<<<<

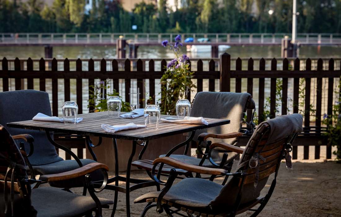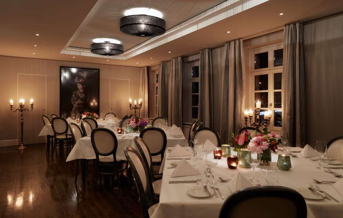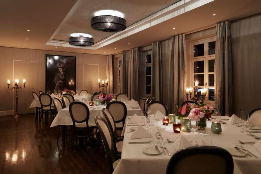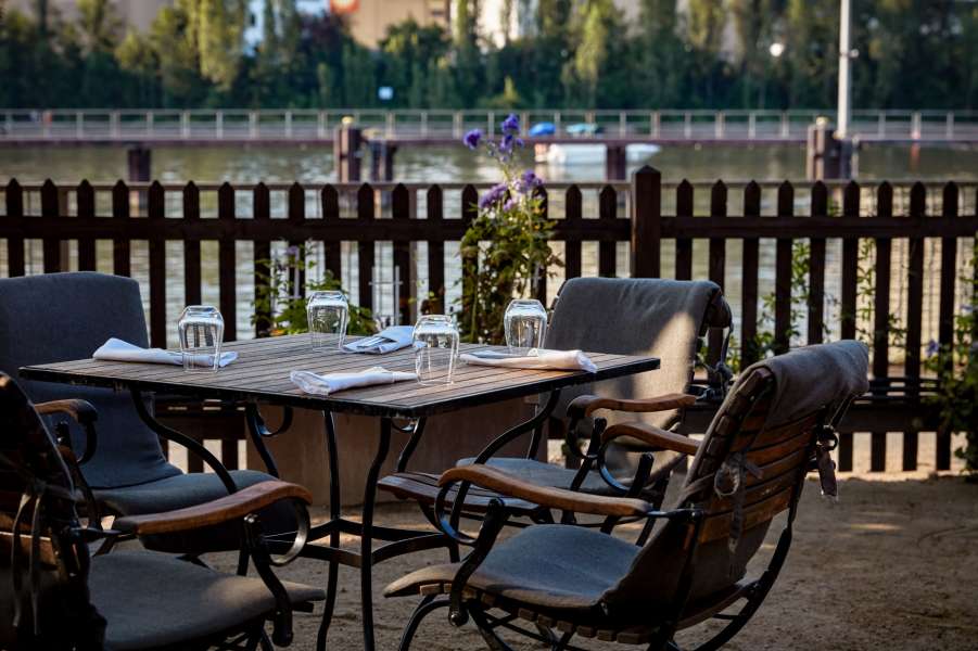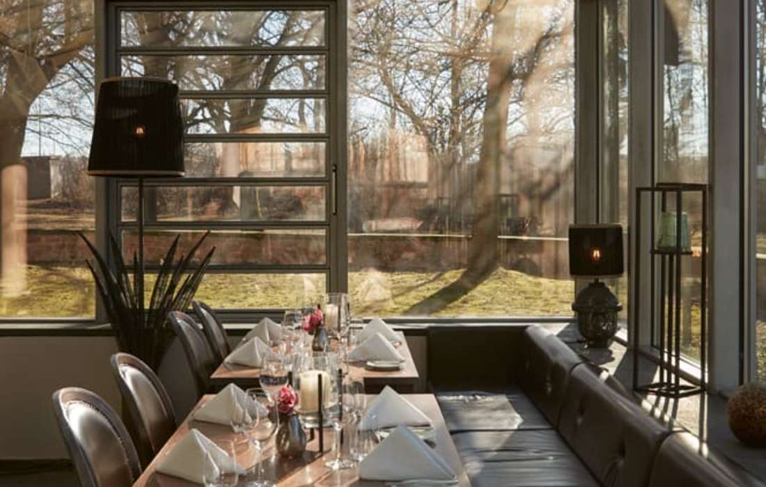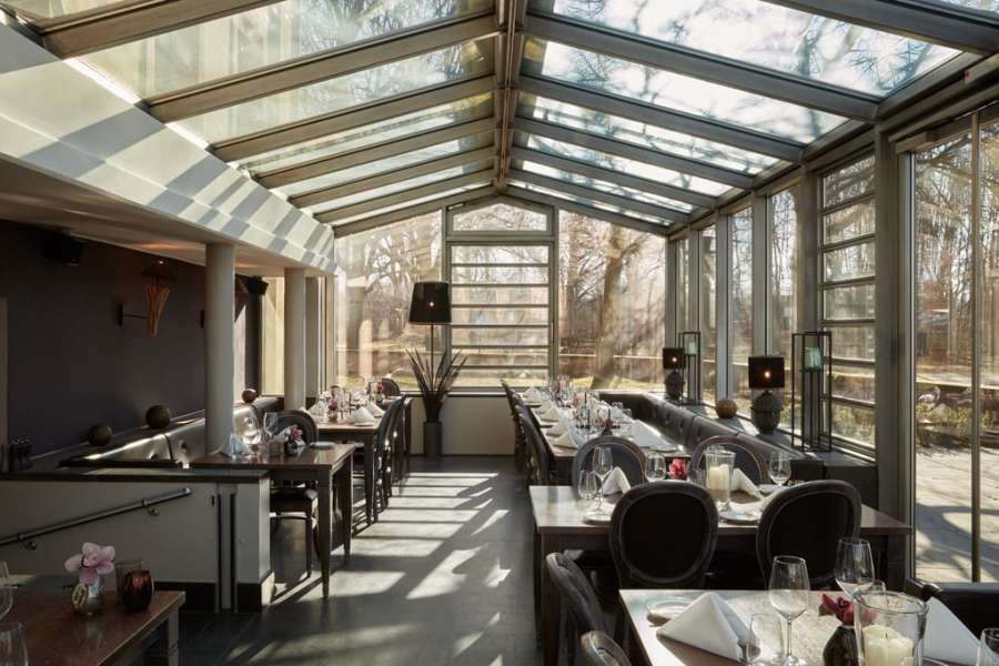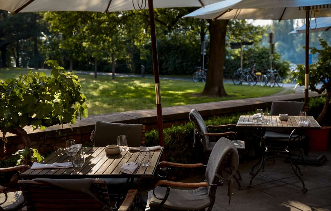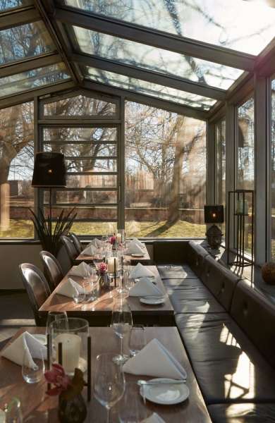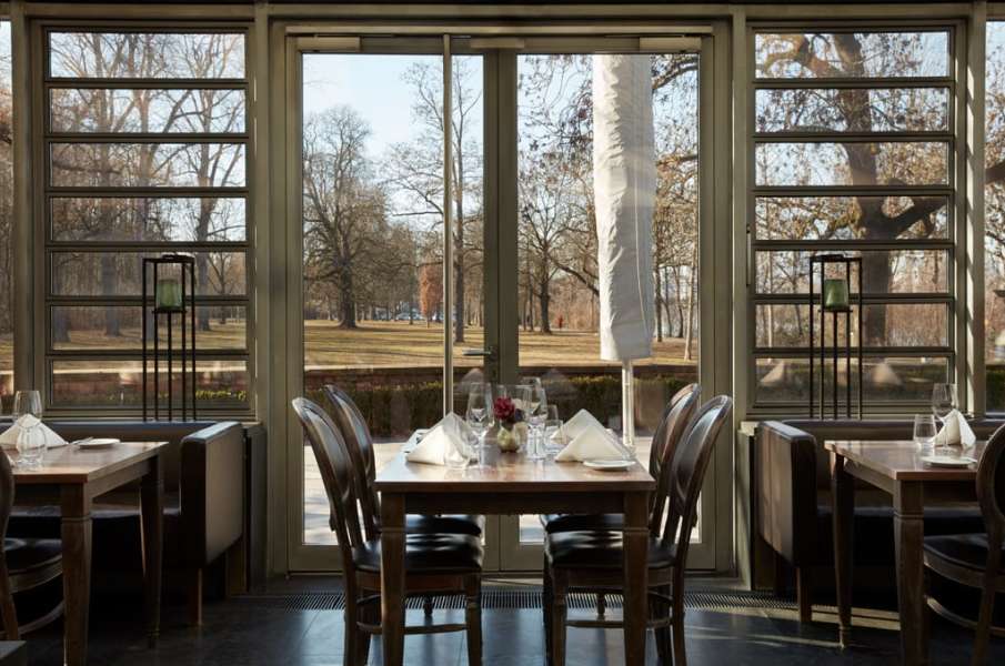 Das Restaurant überzeugt mit seinem puristische Design und authentischen Materialien und verbreitet Behaglichkeit und Wärme. Die Kunstfertigkeit der Küche zeigt sich durch das Team um Jörg Ludwig: anspruchsvolle Menüs und deutsche sowie Frankfurter Spezialitäten überzeugen auf klarer Linie. Das Konzept von traditionellen Werten und zeitgemäßem Anspruch findet sich auch hier wieder. Das Restaurant umfasst verschiedene Räume, ist dank großer Durchbrüche dennoch transparent. Der angeschlossene Wintergarten gewährt einen großzügigen Blick nach draußen, wo Gäste in den warmen Monaten auf den Terrassen mit Blick auf Frankfurts Skyline feiern und schlemmen können.
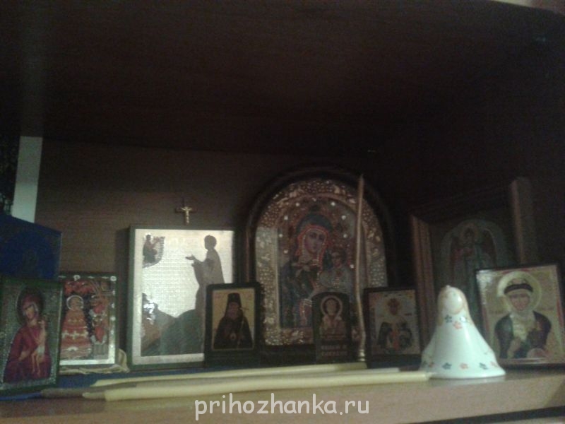 У меня тоже иконы во всех комнатах. В кухне - иконы Богородицы 'Спорительница хлебов' и 'Семистрельная'. У детей в спальне именные иконы. А в спальне нашей с мужем и на стене, и полку книжную я под них отвела, и на книжной полке еще стоят, на которой православную литературу я храню. У мужа в мастерской тоже одна иконочка маленькая - он сам попросил. Муж все обещается мне полочку-иконницу сделать, но когда это будет, не знаю.
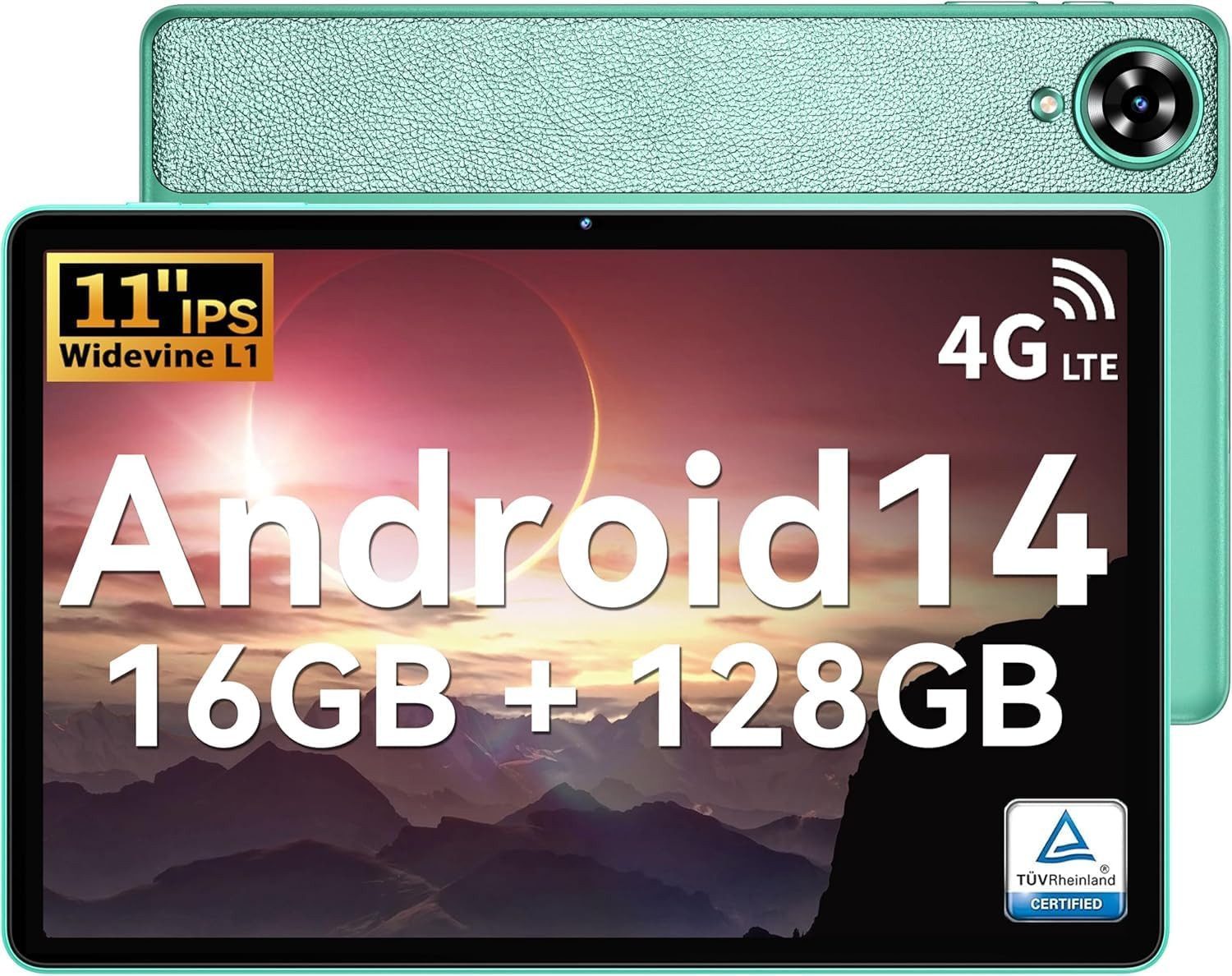Tablet 11 Zoll Android 14 Tablet 16 GB RAM + 128 GB ROM (1 TB TF), Tablet Touchscreen Prozessor mit 8 Kernen, 2,4G/5.0G WiFi6 5 MP + 13 MP 8000 mAh BT5.0 GMSzertifiziert 2 in 1
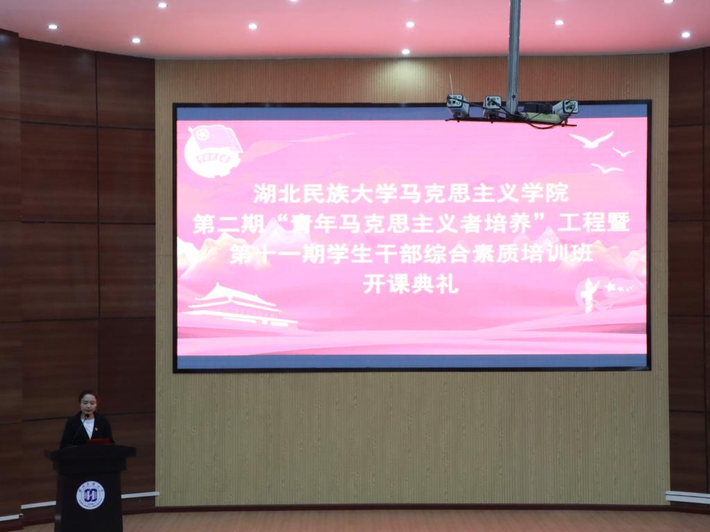 本网讯(记者 段天义/文 见习记者 高思琴/文 韩茜茜/文 张敏/文 记者 田慧/图 见习记者 吴文均/图)11月4日,永利官网马克思主义学院于图书馆模拟法庭准时举行第二期“青年马克思主义者培养”工程暨第十一期学生干部综合素质培训班开课仪式。马克思主义学院党总支书记罗成富、马克思主义学院学科建设科科长张恩、马克思主义学院团总支书记毛召、以及校团委和各二级学院学生代表应邀出席本次开课仪式。
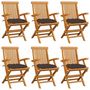 Chaises de jardin avec coussins taupe lot de 6 Bois teck massif
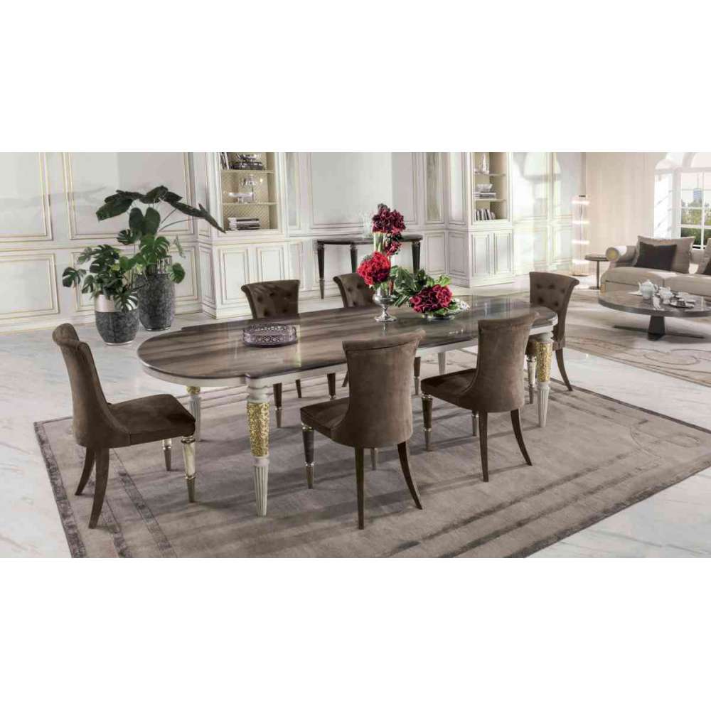 Stół z profilowanym blatem w wykończeniach: matowy heban z intarsją, marmur o grubości 20 mm z zaokrągloną krawędzią w kształcie półokrągłej krawędzi: marmur Elegant Brown, marmur Shale Rosewood, marmur Emperador Dark, marmur Silver Wave, marmur Port Black, marmur Frappuccino, marmur Calacatta Gold . Blat z metalowym brzegiem w tym samym wykończeniu co nogi lub pokryty skórą jak w naszym zestawie próbnym. Nogi z wkładką (A) dostępne w wykończeniach: wosk tracony odlany z jasnego mosiądzu, kość słoniowa onyks, marmur Elegant Brown, marmur Shale Rosewood, marmur Silver Wave, marmur Port Black, marmur Calacatta Gold, pokryte skórą jak w naszym zestawie próbnym. Toczone detale nóg (BC) dostępne w wykończeniach: jasne jasne złoto, matowe szampańskie złoto, jasny chrom, jasny czarny chrom, matowy satynowy brąz, pokryte katalogowymi skórami.

>>>>

What is being asked: Full copy, no pictures: write out each line of the data exactly as it stands.

Exercise solution:
 Das Restaurant überzeugt mit seinem puristische Design und authentischen Materialien und verbreitet Behaglichkeit und Wärme. Die Kunstfertigkeit der Küche zeigt sich durch das Team um Jörg Ludwig: anspruchsvolle Menüs und deutsche sowie Frankfurter Spezialitäten überzeugen auf klarer Linie. Das Konzept von traditionellen Werten und zeitgemäßem Anspruch findet sich auch hier wieder. Das Restaurant umfasst verschiedene Räume, ist dank großer Durchbrüche dennoch transparent. Der angeschlossene Wintergarten gewährt einen großzügigen Blick nach draußen, wo Gäste in den warmen Monaten auf den Terrassen mit Blick auf Frankfurts Skyline feiern und schlemmen können.
 У меня тоже иконы во всех комнатах. В кухне - иконы Богородицы 'Спорительница хлебов' и 'Семистрельная'. У детей в спальне именные иконы. А в спальне нашей с мужем и на стене, и полку книжную я под них отвела, и на книжной полке еще стоят, на которой православную литературу я храню. У мужа в мастерской тоже одна иконочка маленькая - он сам попросил. Муж все обещается мне полочку-иконницу сделать, но когда это будет, не знаю.
Tablet 11 Zoll Android 14 Tablet 16 GB RAM + 128 GB ROM (1 TB TF), Tablet Touchscreen Prozessor mit 8 Kernen, 2,4G/5.0G WiFi6 5 MP + 13 MP 8000 mAh BT5.0 GMSzertifiziert 2 in 1
 本网讯(记者 段天义/文 见习记者 高思琴/文 韩茜茜/文 张敏/文 记者 田慧/图 见习记者 吴文均/图)11月4日,永利官网马克思主义学院于图书馆模拟法庭准时举行第二期“青年马克思主义者培养”工程暨第十一期学生干部综合素质培训班开课仪式。马克思主义学院党总支书记罗成富、马克思主义学院学科建设科科长张恩、马克思主义学院团总支书记毛召、以及校团委和各二级学院学生代表应邀出席本次开课仪式。
 Chaises de jardin avec coussins taupe lot de 6 Bois teck massif
 Stół z profilowanym blatem w wykończeniach: matowy heban z intarsją, marmur o grubości 20 mm z zaokrągloną krawędzią w kształcie półokrągłej krawędzi: marmur Elegant Brown, marmur Shale Rosewood, marmur Emperador Dark, marmur Silver Wave, marmur Port Black, marmur Frappuccino, marmur Calacatta Gold . Blat z metalowym brzegiem w tym samym wykończeniu co nogi lub pokryty skórą jak w naszym zestawie próbnym. Nogi z wkładką (A) dostępne w wykończeniach: wosk tracony odlany z jasnego mosiądzu, kość słoniowa onyks, marmur Elegant Brown, marmur Shale Rosewood, marmur Silver Wave, marmur Port Black, marmur Calacatta Gold, pokryte skórą jak w naszym zestawie próbnym. Toczone detale nóg (BC) dostępne w wykończeniach: jasne jasne złoto, matowe szampańskie złoto, jasny chrom, jasny czarny chrom, matowy satynowy brąz, pokryte katalogowymi skórami.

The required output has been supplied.